Lawyer has two-year wait for hearing aids

From: Sunderland Today, UK - Apr 28, 2006

A PARTIALLY-DEAF solicitor is forced to take an assistant to help her in court while she waits up to two years for a hearing aid.

Trainee lawyer Helen Abraham, 23, struggles to follow court cases and tribunals becasue she is hard of hearing so has to be accompanied by a junior member of staff to help her fill in the parts she misses.

She also finds it difficult to use the phone so she has to communicate with her boyfriend Michael Stockdale, 19, by text.

Helen, of Hollycarrside, Sunderland, was diagnosed with hearing problems last year and is on the waiting list at Sunderland Royal Hospital to have two aids fitted.

But, as revealed in the Echo this week, patients are having to wait 18 months to be seen at the hospital's audiology department.

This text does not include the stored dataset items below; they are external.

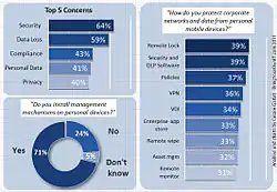 La Seguridad (64%) y la pérdida de datos (59%) siguen siendo las principales preocupaciones de la mayoría de las empresas que permiten a los empleados a llevar sus dispositivos personales al trabajo. Las implicaciones de cumplimiento y legales son la mayor preocupación en los EE. UU. y en Japón, que en Alemania. Para reducir los riesgos de seguridad y disminuir los costos de gestión, el 79% de los encuestados exigen a los empleados instalar soluciones de seguridad móvil en sus dispositivos móviles personales. El 69% de los encuestados coincidieron en que la seguridad del dispositivo móvil es un componente clave en la protección de sus entornos de IT de las amenazas de los dispositivos móviles de los consumidores, mientras que el 71% de los encuestados considera una combinación de seguridad móvil y gestión de dispositivos móviles como la más eficaz.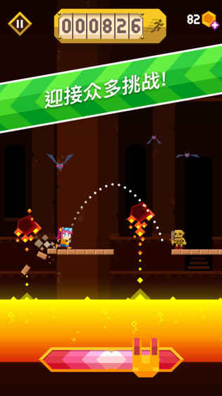 2、通过跳动在神秘的岛屿间探索并寻找宝藏,避开危险,挑战不同的游戏场景。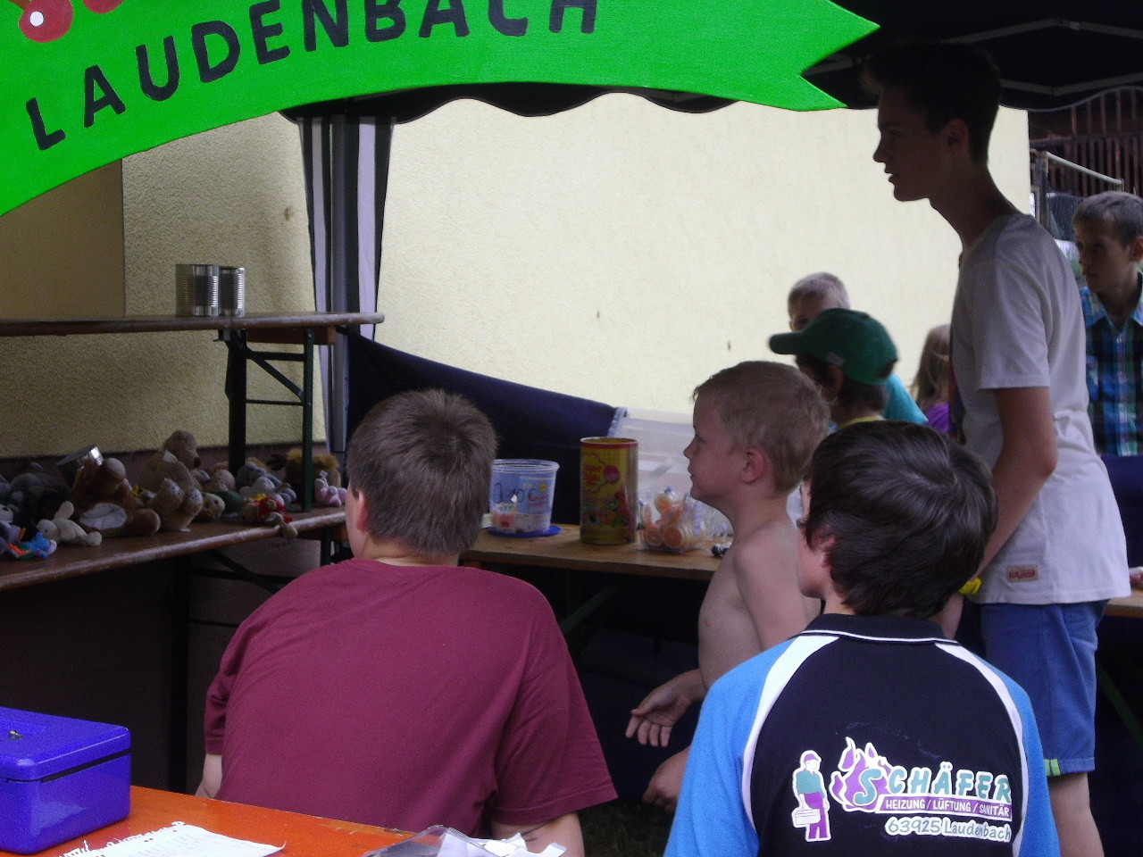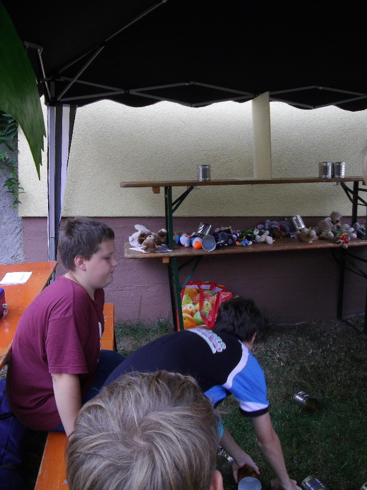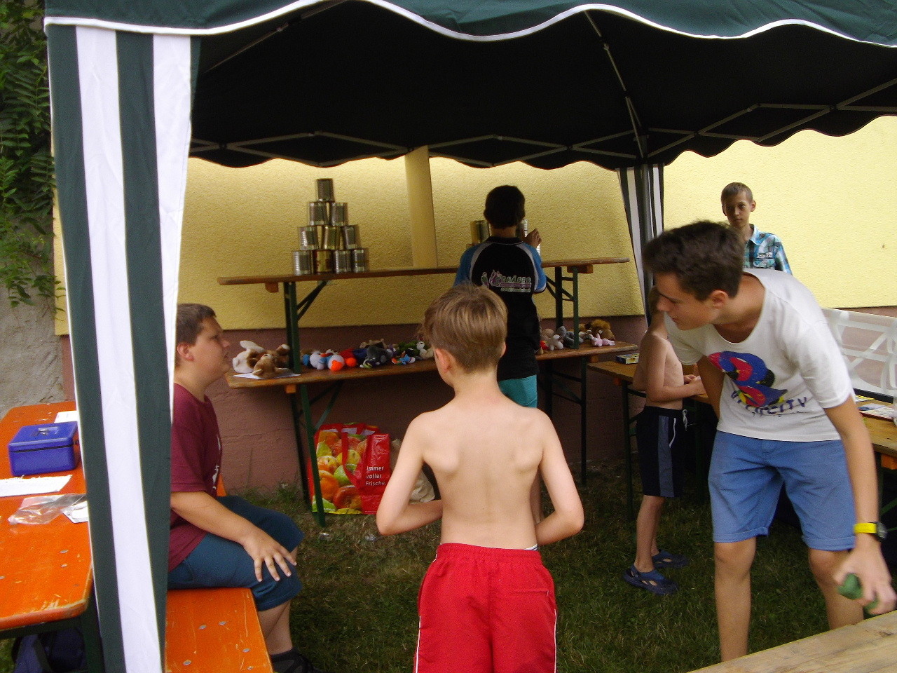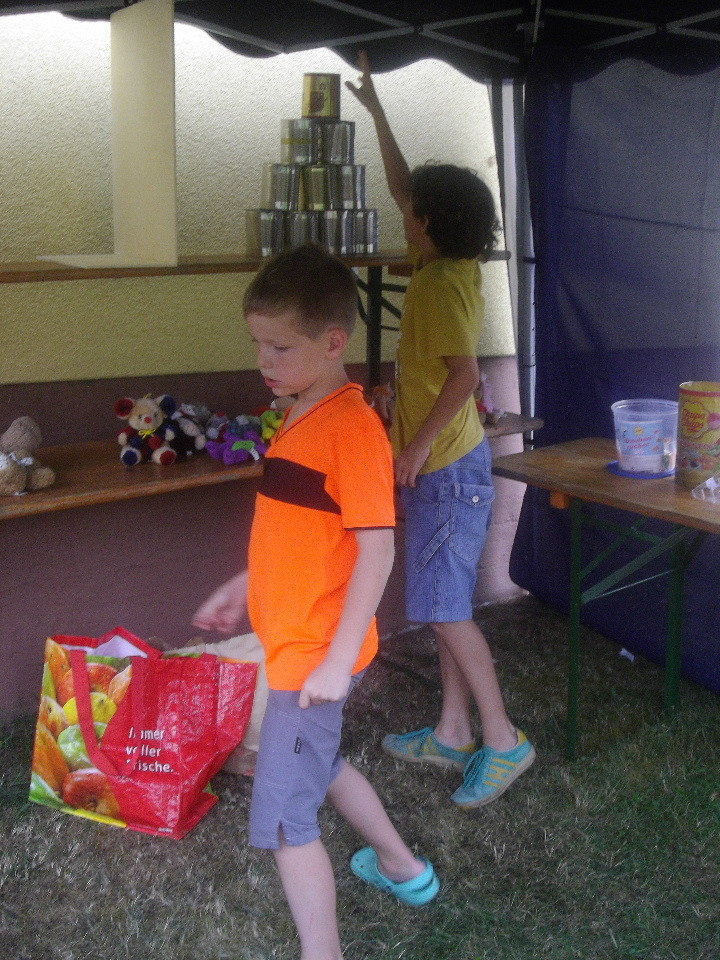 Beim Dosenwerfen an der Wurfbude vertrieben sich viele Kinder die Zeit und die erfolgreichen Werfer wurden mit verschiedenen kleinen Gewinnen belohnt.

Helen has a year-long wait for her second appointment and fears it could be up to two years before she actually gets her hearing aids fitted, despite being told she would be a priority because of her age.

Helen, who works for George Mills, of The Galleries, Washington, is due to qualify as a solicitor next year and specialises in employment law and often has to attend county court cases.

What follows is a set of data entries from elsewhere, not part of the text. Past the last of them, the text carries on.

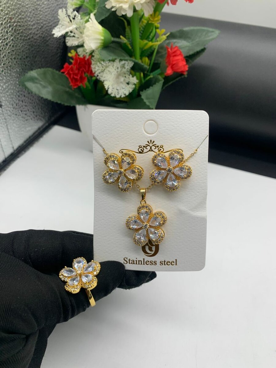 Elegant stainless steel jewelry sets featuring intricate designs and sparkling accents. Ideal for special occasions, the sets include matching necklaces and earrings. Durable and resistant to tarnishing, they add a touch of sophistication to any outfit. Perfect gift choice for loved ones.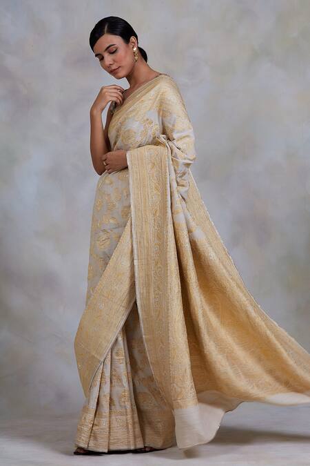 Buy_Priyanka Raajiv_White Muga Banarasi Kadua Floral Motifs Chandramallika Woven Saree_Online_at_Aza_Fashions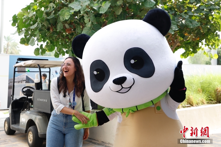 當?shù)貢r間12月2日,《聯(lián)合國氣候變化框架公約》第28次締約方大會(COP28)進入第三天,“中國角”熊貓玩偶受各國人士追捧,紛紛合影留念。中新社記者 韓海丹 攝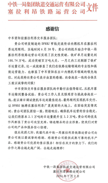 Le 2 juillet, la Société d'exploitation ferroviaire de Sierra Leone de China Railway First Group a envoyé une lettre de remerciement à CRRC Ziyang.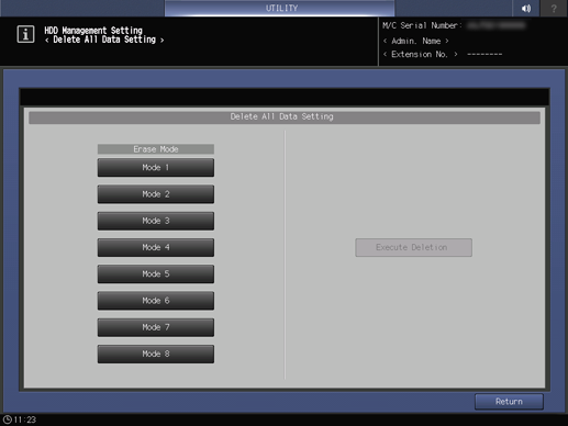 Select the desired erase mode to delete all the data on the HDD or the non-volatile memory of this machine with a specific data. Also execute deleting all the data. Use this function when disposing of the machine.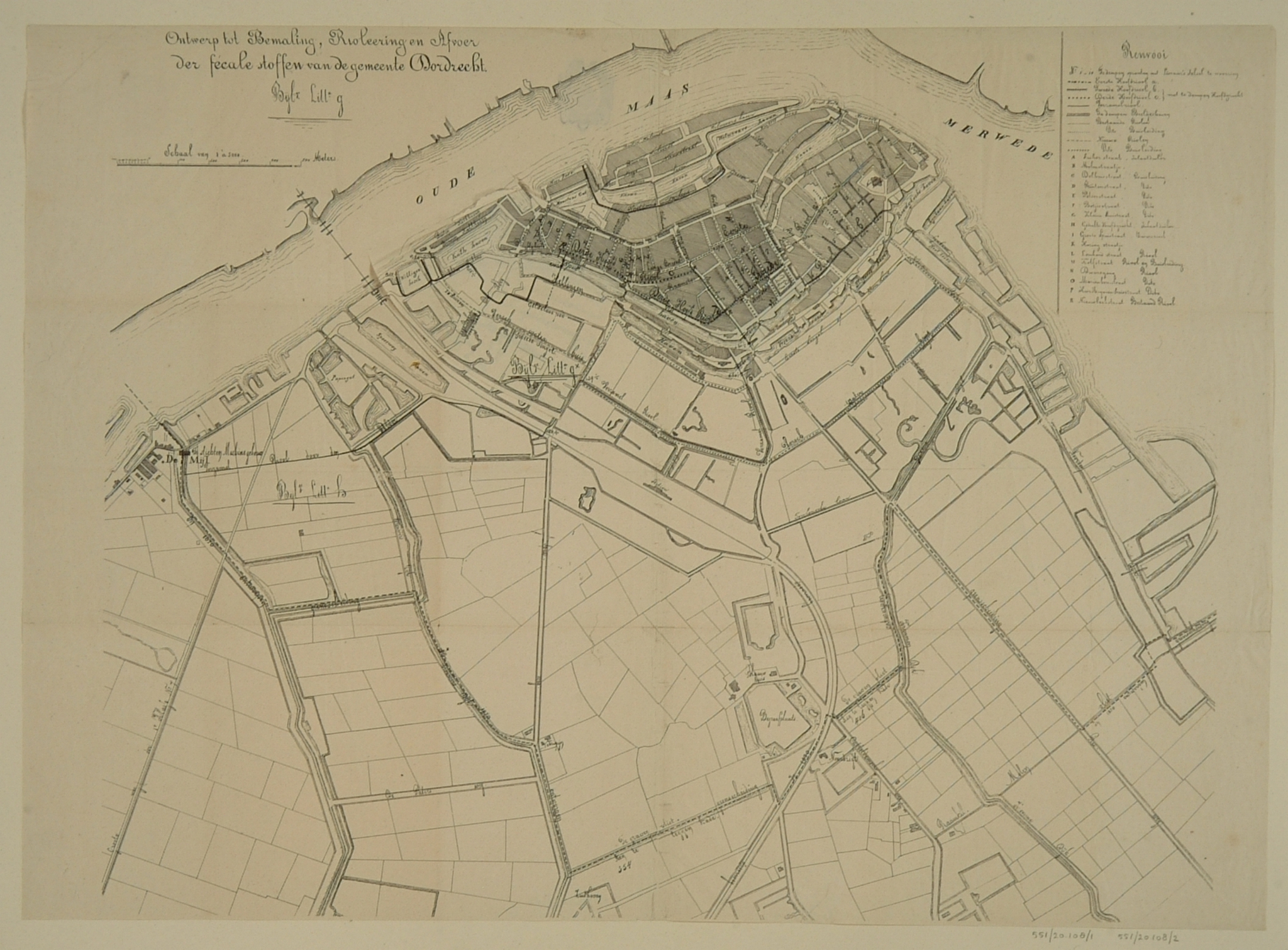 Plattegrond van de stad met hierop aangegeven het ontwerp tot bemaling, riolering en …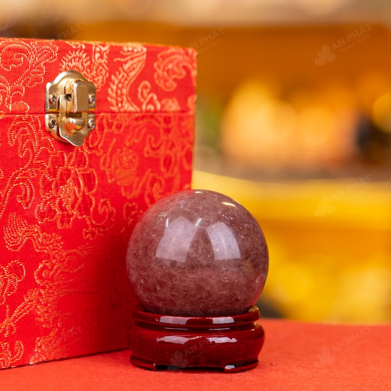 Ảnh cận cảnh quả cầu thạch anh dâu tây hồng

She said: "It's really hard. I'm genuinely struggling a lot of the time. Following conversation is a nightmare if there's any background noise.

"It's upsetting. It gets me down a lot of the time. There's nothing I can do, other than go private and I can't afford it, I've just graduated."

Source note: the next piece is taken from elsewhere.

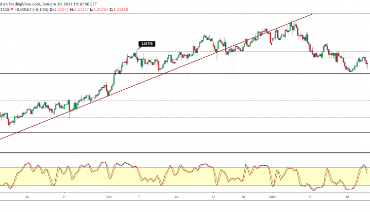 At the moment, prices remain stuck within the 1.2144 resistance and 1.2050 support. With the stochastics oscillator moving out from the overbought levels, we expect to see a retest back to the 1.2050 level, a bit more firmly.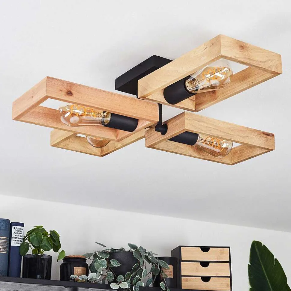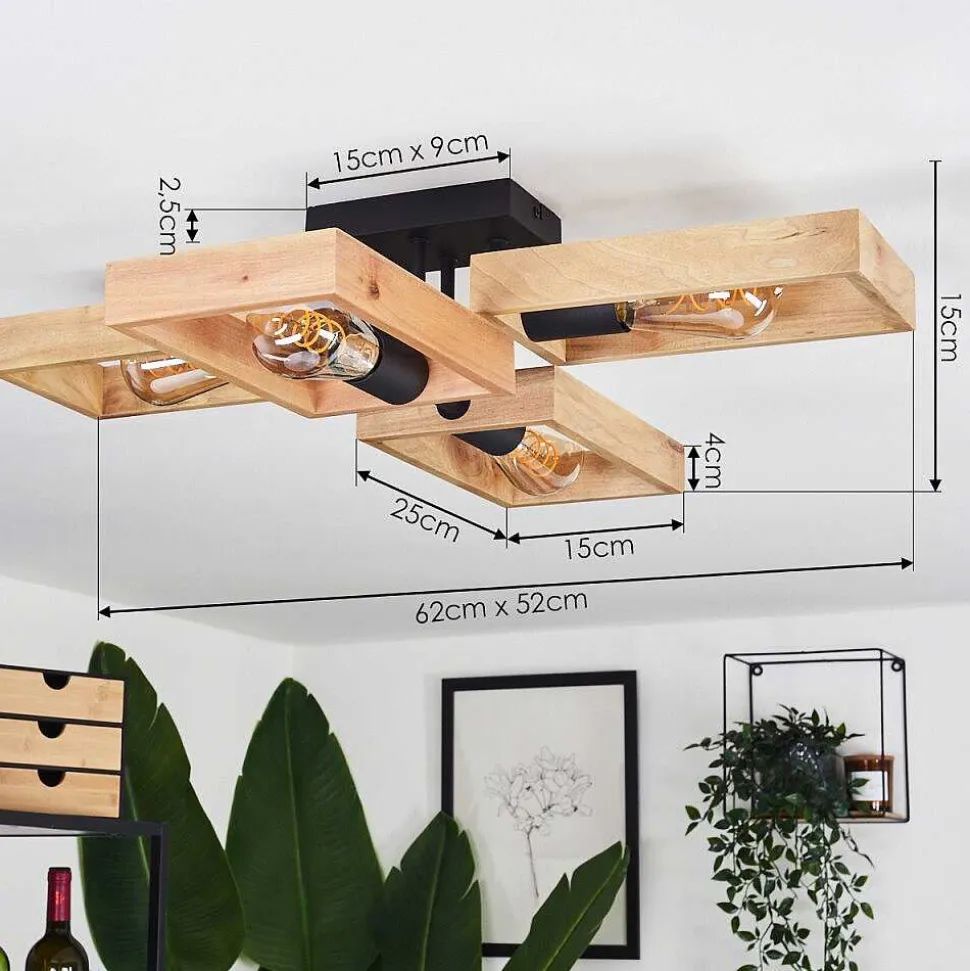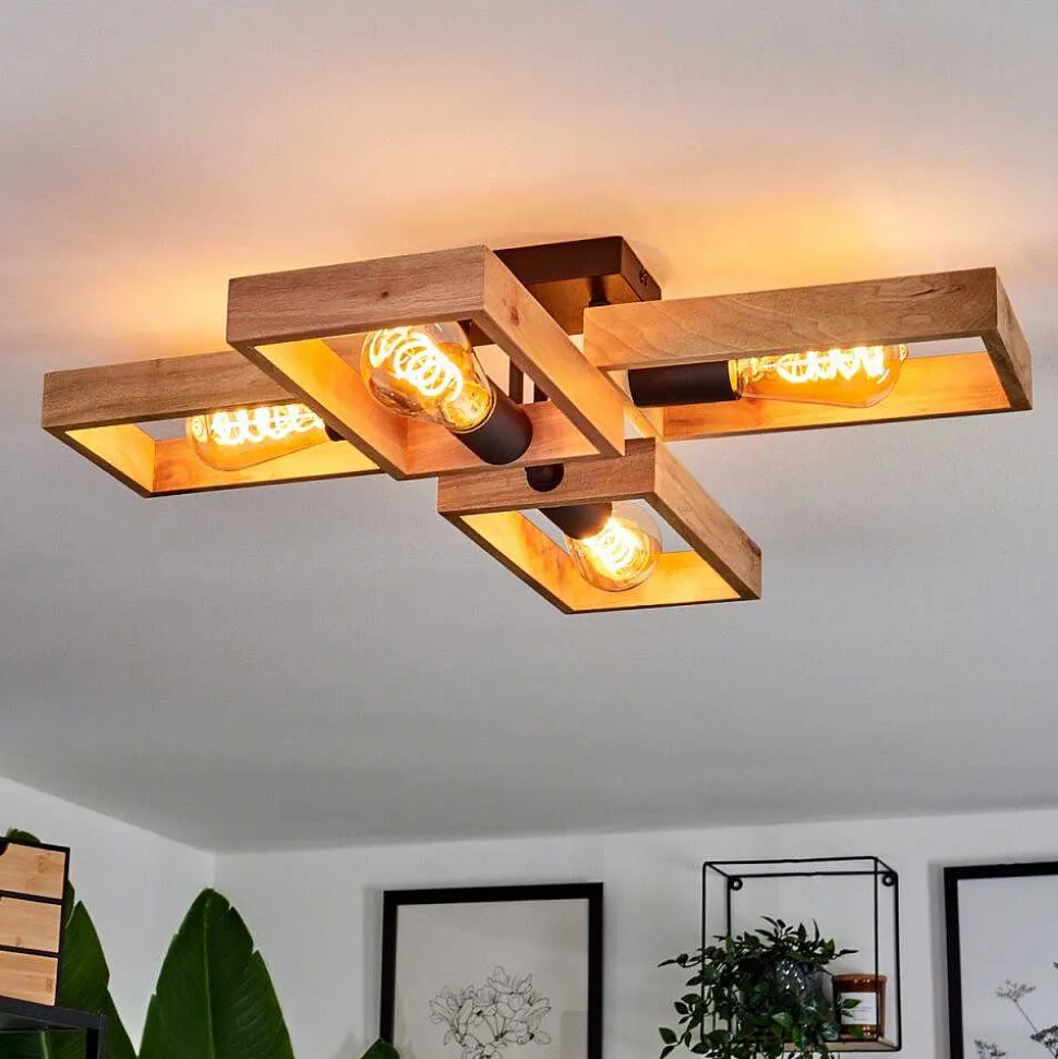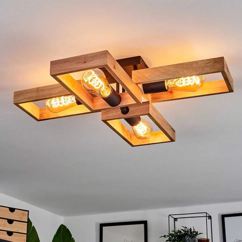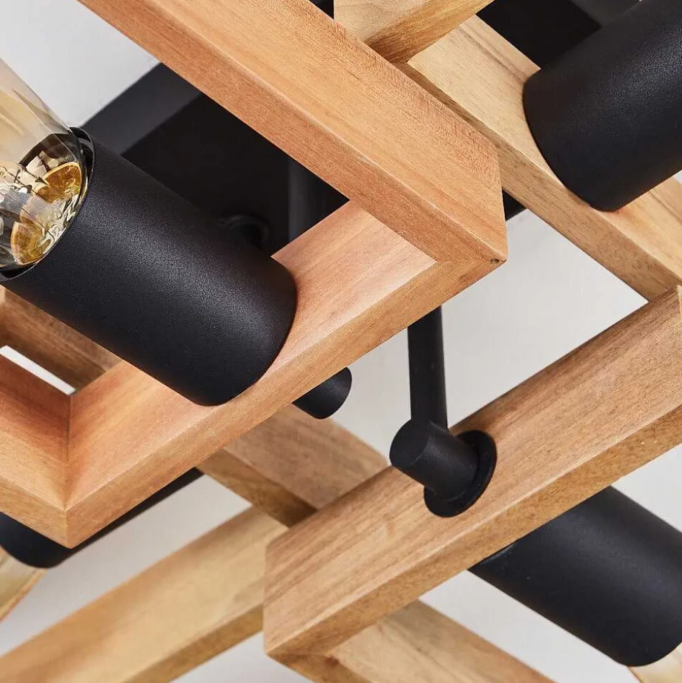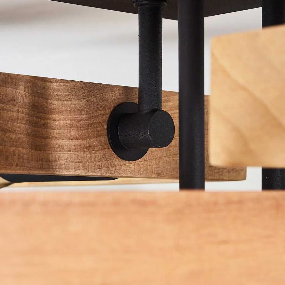 Plafonnier Salmi Led Brun, Couleur Bois, Noir, 1 Lumiere, Telecommandes

It is believed that Helen, who lives with her parents, was born with a hereditary hearing problem, but it was only diagnosed last year.

She struggles to hear low tones, which makes it difficult to follow conversations, particularly if it involves a male voice.

She has difficulty filtering out background noise and can't use mobile phones.

She said: "I'm office based a lot of the time, but even just following a conversation on the telephone, I've got to ask people two or three times to repeat what they're saying.

"I had never noticed before, but looking back there were signs. When I used to do swimming, I couldn't hear the whistle."

Helen also performs with Seaham Amateur Operatic and Dramatic Society and sometimes has difficulty hearing the music.

She was assessed at Sunderland Royal Hospital in December last year. Her next appointment is on December 19 this year.

She said: "It's not as if I'm going to get my aids in December. I reckon it's going to be another two years.

"They were saying I would be a priority, but it's still 12 months before I'm even going to be seen next. I think it's going to be a couple of years."

Managers at Sunderland Royal Hospital have apologised for the 18-month waits, which were sparked by a shortage of qualified staff and an increase in demand for hearing aids.

They have developed an internal training programme to help address the problem and have plans to dramatically reduce waiting times.